(Data shown):
- - -

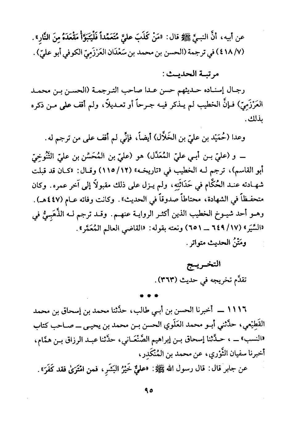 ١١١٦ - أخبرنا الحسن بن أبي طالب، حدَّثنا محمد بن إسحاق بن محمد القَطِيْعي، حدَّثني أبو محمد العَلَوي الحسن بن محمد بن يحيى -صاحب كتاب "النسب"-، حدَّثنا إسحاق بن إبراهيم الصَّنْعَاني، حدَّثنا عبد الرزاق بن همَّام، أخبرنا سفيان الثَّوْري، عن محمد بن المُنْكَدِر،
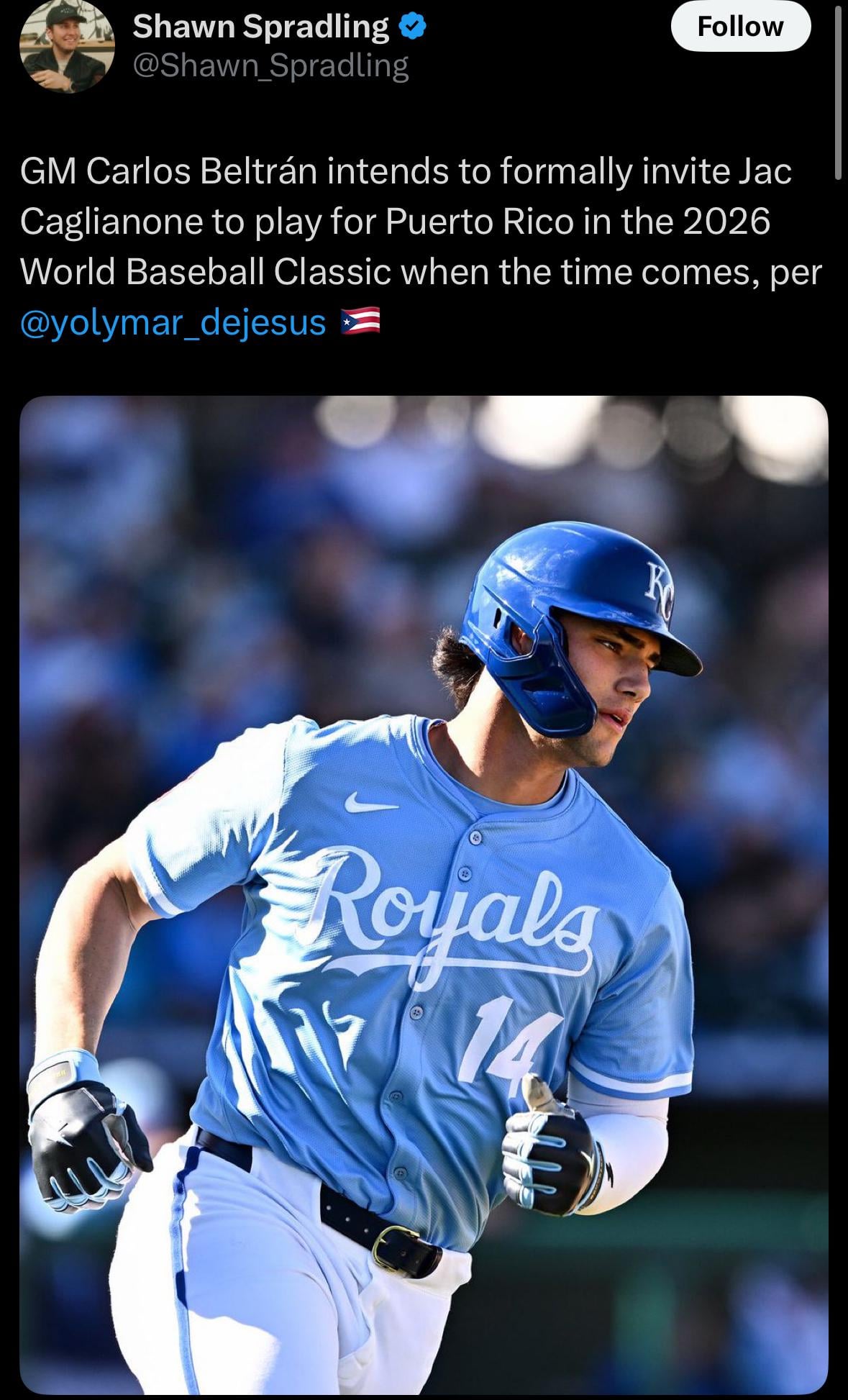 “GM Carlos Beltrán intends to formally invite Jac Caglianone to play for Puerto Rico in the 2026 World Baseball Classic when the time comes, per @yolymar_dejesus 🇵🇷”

- - -

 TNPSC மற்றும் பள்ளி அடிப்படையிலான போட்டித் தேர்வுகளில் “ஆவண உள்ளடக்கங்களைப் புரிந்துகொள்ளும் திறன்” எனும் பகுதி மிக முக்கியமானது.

- - -

(Exercise): Looking above, find the stretch of lines that opens with the one holding "١١١٦ - أخبرنا" and closes with the one holding "Carlos Beltrán intends". Copy it exactly, pictures excluded.

(Task result):
 ١١١٦ - أخبرنا الحسن بن أبي طالب، حدَّثنا محمد بن إسحاق بن محمد القَطِيْعي، حدَّثني أبو محمد العَلَوي الحسن بن محمد بن يحيى -صاحب كتاب "النسب"-، حدَّثنا إسحاق بن إبراهيم الصَّنْعَاني، حدَّثنا عبد الرزاق بن همَّام، أخبرنا سفيان الثَّوْري، عن محمد بن المُنْكَدِر،
 “GM Carlos Beltrán intends to formally invite Jac Caglianone to play for Puerto Rico in the 2026 World Baseball Classic when the time comes, per @yolymar_dejesus 🇵🇷”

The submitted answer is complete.